来年の成長率に関する最新予測の平均値はマレーシアは5.65%となり、上方修正率は0.85ポイントとアジア太平洋諸国の中でトップとなった。2位のインドは0.80ポイントアップの6.7%。エコノミストたちは、ほとんどのアジア諸国の成長率予測を引き上げたが、タイとニュージーランドは0.2ポイント引き下げられ、インドネシアはほぼ横這いとなった。
マレーシアは、過去1カ月間に1日あたりの新規感染率が世界最高水準となり、政権交代も行なわれたが、当面の経済リスクはないとされている。今年第2四半期の国内総生産は、内需の復興と堅調な輸出に支えられ、16.1%の大幅なプラス成長となった。インドも新規感染者数は半年以上ぶりに落ち着きつつあり、需要拡大による世界最速の成長が見込まれている。
消費者物価動向に関する調査では、ニュージーランドが最も大きく修正され、来年のインフレ率予測は0.9%増の2.3%、シンガポールとオーストラリアも少なくとも0.4%増とされた。ニュージーランドでは移民申請の受付停止により労働力不足が生じており、賃金やインフレ率の上昇に影響しているという。
(ブルームバーグ、ザ・スター電子版、9月21日)

MM2Hの新基準、長期ビザ取得者の大半が満たせず=調査

【クアラルンプール】 外国人の長期滞在を奨励するマレーシア・マイ・セカンドホーム(MM2H)プログラムにおける長期滞在ビザ取得者のほとんどが10月から適用される新条件を満たしていないことが、MM2Hコンサルタント協会(MM2HCA)などの調査で分かった。

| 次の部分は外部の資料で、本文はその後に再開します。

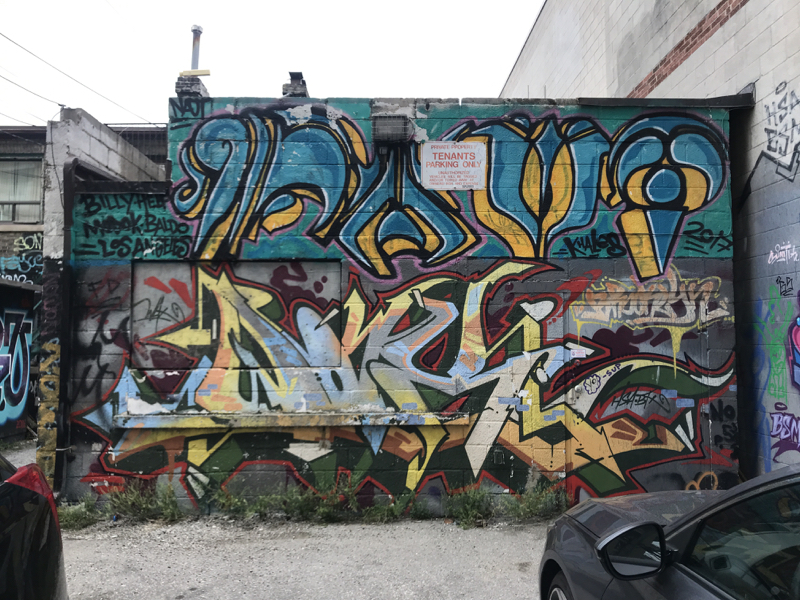 そして、トロントのパブリック・アートの真骨頂とも言えるのがグラフィティ・アレーです。クイーン・ストリート・ウエスト地区を中心に広がるこのエリア、もともとはラッシュ・レーン(Rush Lane)という名の通りだったそうですが、自治体が公式にグラフィティを認め、その後、グラフィティ・アレー(Graffiti Alley)と改名したそう。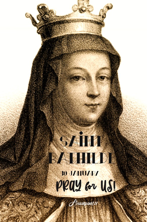 Saint of the Day – 30 January – Saint Bathilde (c 626–680) Queen, Regent, Widow and Mother, Religious, Apostle of the poor and of slaves, Social Reformer, pioneer in the abolition of Slavery, founder of Monasteries. Born in c 630 in England and died on 30 January 680 of natural causes. Other forms of her name are Bathilidis, Bathild, Batilda, Bathchilde and Bauteur.Patronage – children, the sick, all bodily illness, widows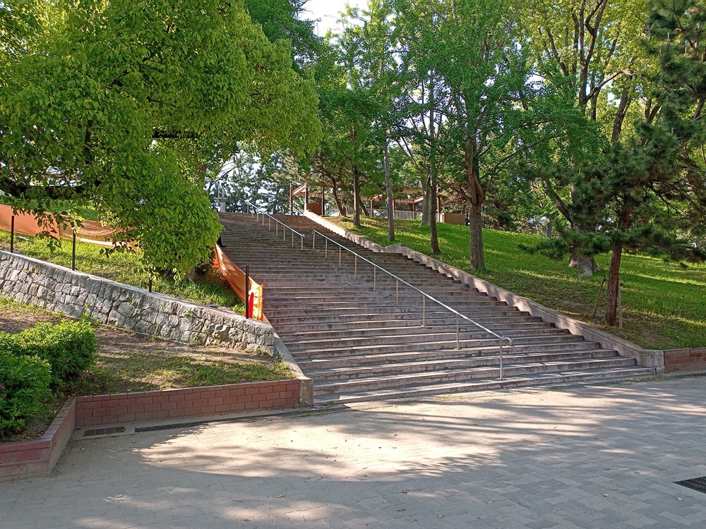 Der eigentliche „Gipfel“ des Berges liegt heute in einer Parkanlage und ist daher nicht mehr als solcher zu erkennen. Dafür lässt sich die alpine Höhe von immerhin 5 Metern leicht wieder absteigen 😉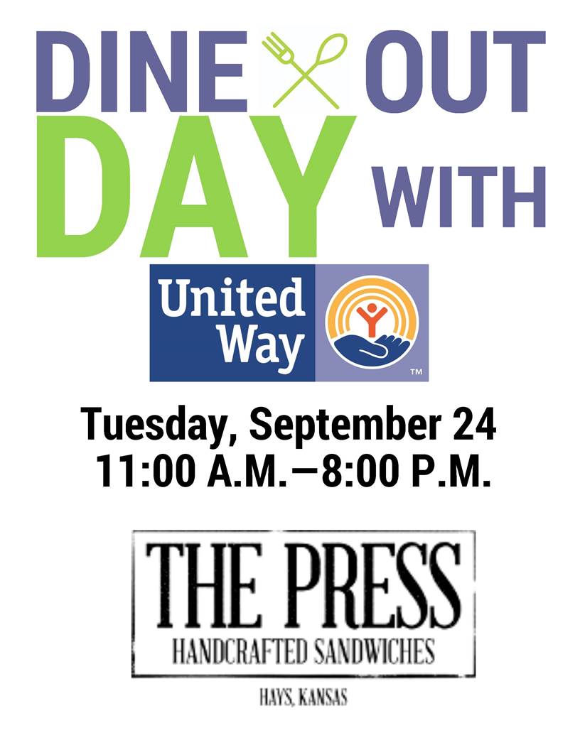 The United Way of Ellis County will be hosting their first Dine-Out Day this year with The Press on Tuesday, Sept. 24th from 11a.m. to 8 p.m. at 230 E. Eight S. in Hays. Come join us for lunch or dinner at The Press. A portion of the proceeds will benefit the United Way and their 17 partner agencies. Watch for upcoming Dine-Out Days with participating restaurants online at www.liveunited.us or Facebook at United Way of Ellis County. Call 785-628-8281 for more information.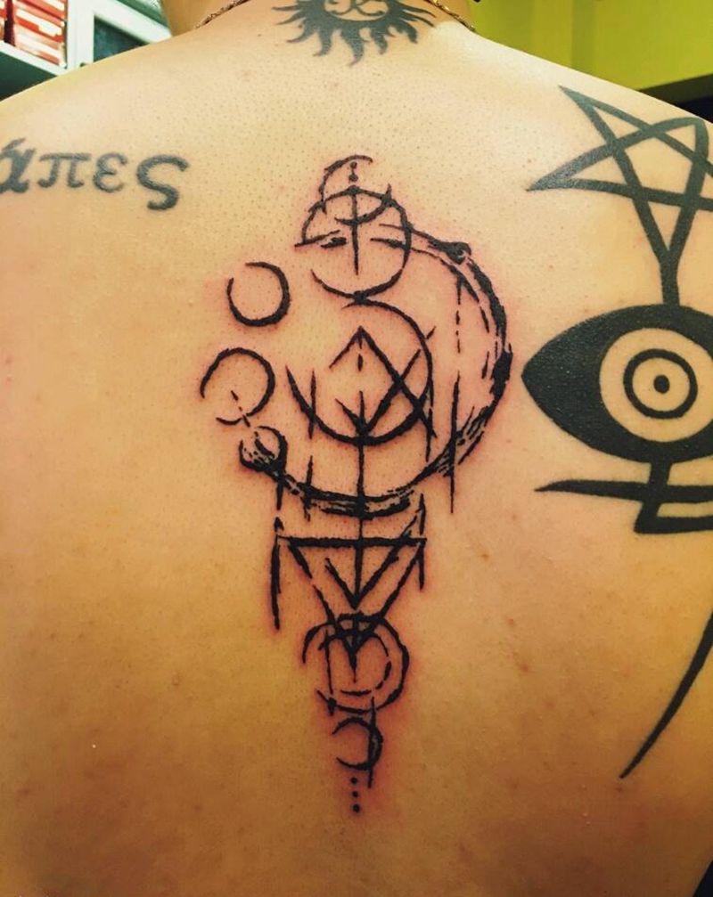 黑灰满背纹身图案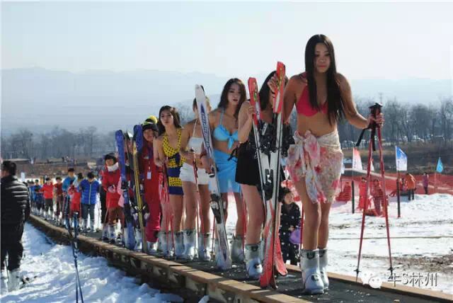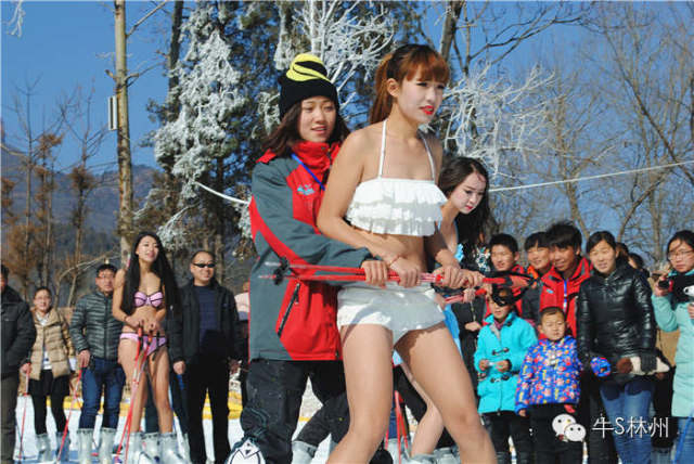 而引爆全场、最吸引眼球的当属“比基尼美女滑雪秀”。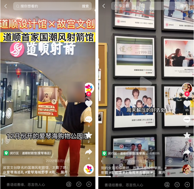 “我們會給達(dá)人們制定統(tǒng)一的拍攝主題,指明需要突出哪些賣點。比如強(qiáng)調(diào)道順射箭館是魔都網(wǎng)紅射箭館,可以體驗國潮文化,是個很好的社交第三空間......”
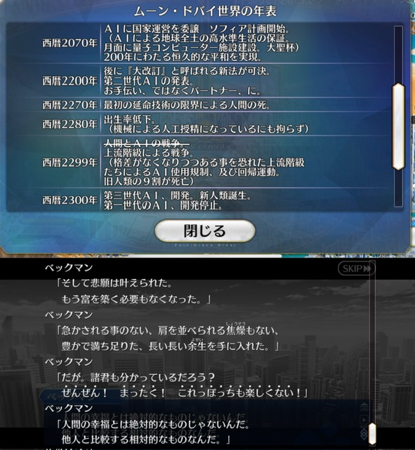 西暦300年に来る朱い月のブリュンスタッドに対抗するためにゼルレッチがマナのある平行世界を証明して2000年の延命したとする説なんだけど、今回の人類も2299年に一回滅んでるし、このあたりも関連してくる気がしてきた。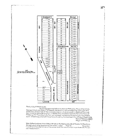 "Plan of a subdivision into town lots of lots nos. 1, 2, 3, 4, 5, 6, 7, 8, 9, 13, 14, 15, 16 & 17 in Bedford's plan and nos. 1, 2 and the stone quarry lot in Reed plan: Situated on Grant's Hill in the Manor of Pittsburg, Pitt Twp.: Surveyed and laid out for Messrs. George A. Cook & Robert S. Cassatt." Laid out Apr. 10, 1835; recorded May 14, 1835, Plan Book 1, p. 34. Allegheny County Recorder of Deeds 3778152.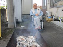 施設長が火をおこすところから始まり、じっくりさつまいもを焼きました。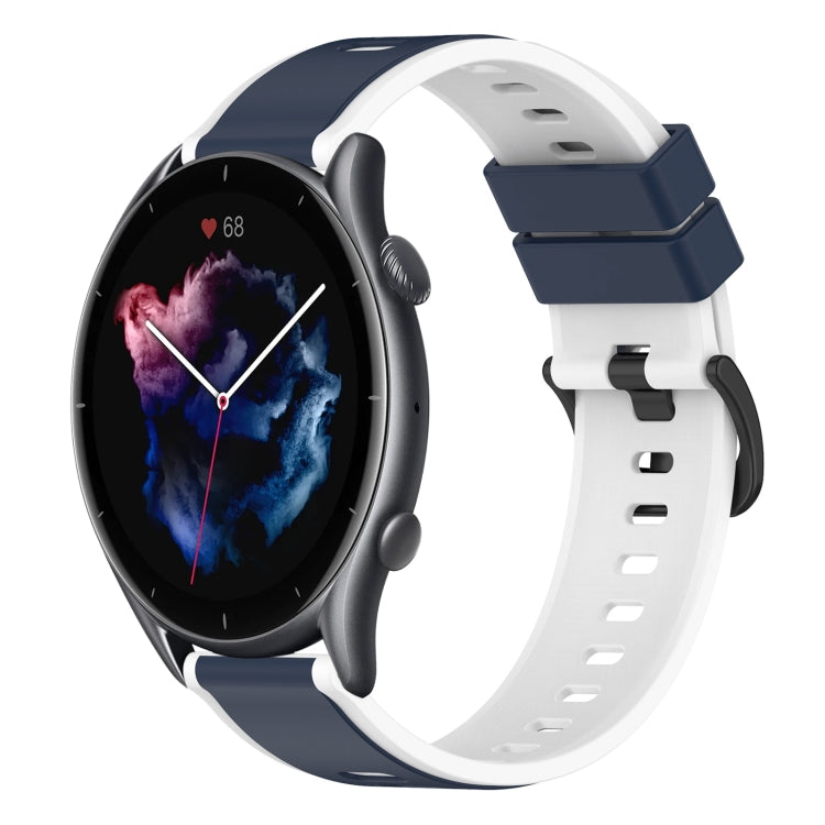 Correa de Reloj para Amazfit GTR 3 22mm Silicona Dos Colores (Azul Medianoche + Blanco)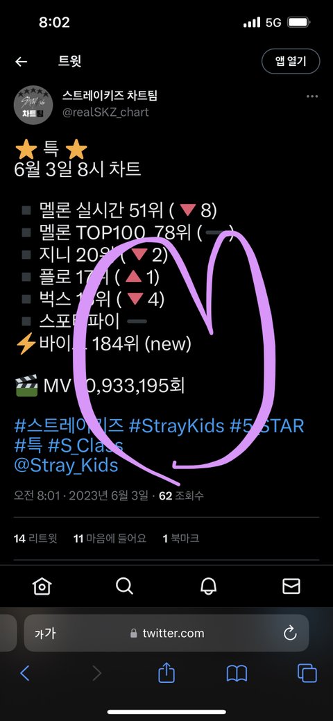 뮤비추이 좋은 듯!! 뮤비도 스밍 아자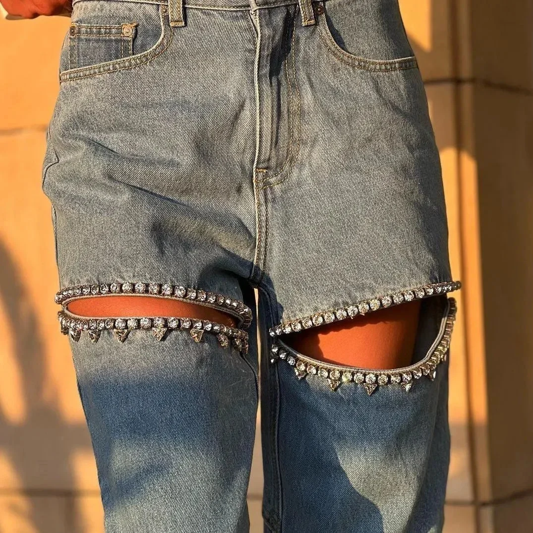 Elevate your style with our Sparkling Embellished High-Rise Denim Jeans. Crafted from premium denim, these jeans feature a chic cutout design with sparkling embellishments for a touch of glam. The high-rise fit ensures comfort and a flattering silhouette all day long. Perfect for making a bold fashion statement, these jeans are versatile and durable. Explore endless outfit possibilities with these unique high-rise jeans. Shop now and add some sparkle to your wardrobe!
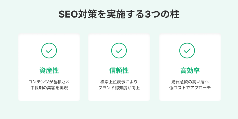 SEO対策のメリットは、長い目で見て安定した集客につながる点です。ここでは、なぜ多くの企業がSEOに取り組むのか、その理由を順番に整理していきます。

10月から厳格化される主要な新条件は、▽海外での収入条件(月4万リンギ)▽定期預金額(100万リンギ)▽流動資産保有額(150万リンギ)ーー。
MM2HCAは、外国人駐在員向けサービスを提供するTEGメディアおよびクアラルンプール日本人会(JCKL)とともに調査を実施。TEGメディアがMM2H長期滞在ビザ取得者925人(主に欧米諸国出身者)を対象に行った調査では、「海外での収入要件を満たせる」としたのは21%、「定期預金額条件を満たせる」と回答したのは44%、「両条件を満たせる」と答えたのは約2.26%にとどまった。JCKLが日本人退職者799人を対象に行なった調査では、90%以上が海外での収入条件を満たしていなかった。
また別の調査では、新条件が適用された場合、55%がマレーシアから撤退する予定だと回答。そのうち497人がタイに、145人がフィリピンに、119人がインドネシア・バリ島にそれぞれ移住すると答えた。
MM2HCAのアンソニー・リュー会長は、政府に対し、既存のMM2H長期滞在ビザ取得者に対しては新条件を適用しないよう求めた。長期滞在ビザ取得者の多くはマレーシアに居住し、経済にも貢献しているため、後から厳格化された条件を課すのは不公平だと主張。また、旧条件下で承認待ちだった5,396件の申請についても条件を変えず承認するよう求めた。申請が通れば、今後5年間で最大63億9千万リンギ相当の経済貢献が見込まれるという。